▶ Work to complete:
Everything in the data must be repeated exactly, apart from the pictures, which are left out.

▶ Exercise data:
****************************************
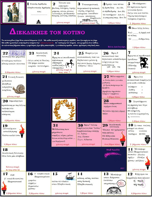 - Το παιχνίδι αφορά τις ενότητες 1η -11η με μια μικρή υπέρβαση στο Συντακτικό. Το τμήμα χωρίζεται σε ομάδες.
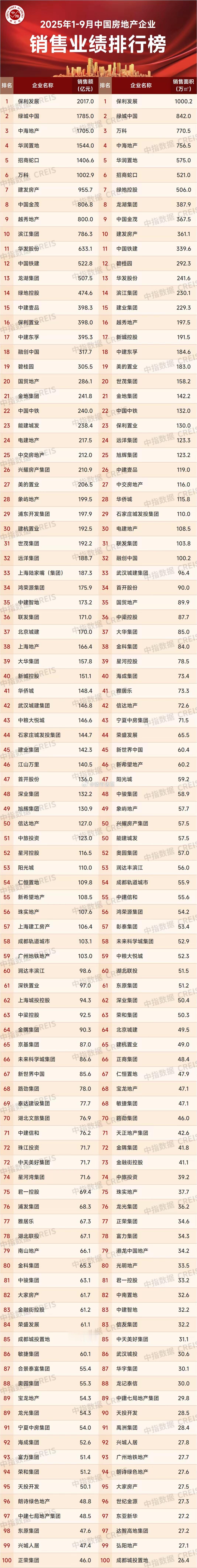 今年前9个月中国房地产企业销售业绩排行榜:保利、绿城、中海、华润和招商位居前五。
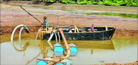 दापोली तालुक्यातील आडे खाडीत मागील दोन महिन्यांपासून बेकायदेशीर सक्शन पंप लावून भरमसाट वाळू उपसा केला जात आहे. याबाबत दापोली महसूल विभागाला माहिती देऊनही कारवाई करण्यास वेळ मिळत नाही, त्यामुळे बेकायदेशीर वाळू उपसा करणाऱ्यांचे फावले आहे.
****************************************
▶ Written solution:
 - Το παιχνίδι αφορά τις ενότητες 1η -11η με μια μικρή υπέρβαση στο Συντακτικό. Το τμήμα χωρίζεται σε ομάδες.
 今年前9个月中国房地产企业销售业绩排行榜:保利、绿城、中海、华润和招商位居前五。
 दापोली तालुक्यातील आडे खाडीत मागील दोन महिन्यांपासून बेकायदेशीर सक्शन पंप लावून भरमसाट वाळू उपसा केला जात आहे. याबाबत दापोली महसूल विभागाला माहिती देऊनही कारवाई करण्यास वेळ मिळत नाही, त्यामुळे बेकायदेशीर वाळू उपसा करणाऱ्यांचे फावले आहे.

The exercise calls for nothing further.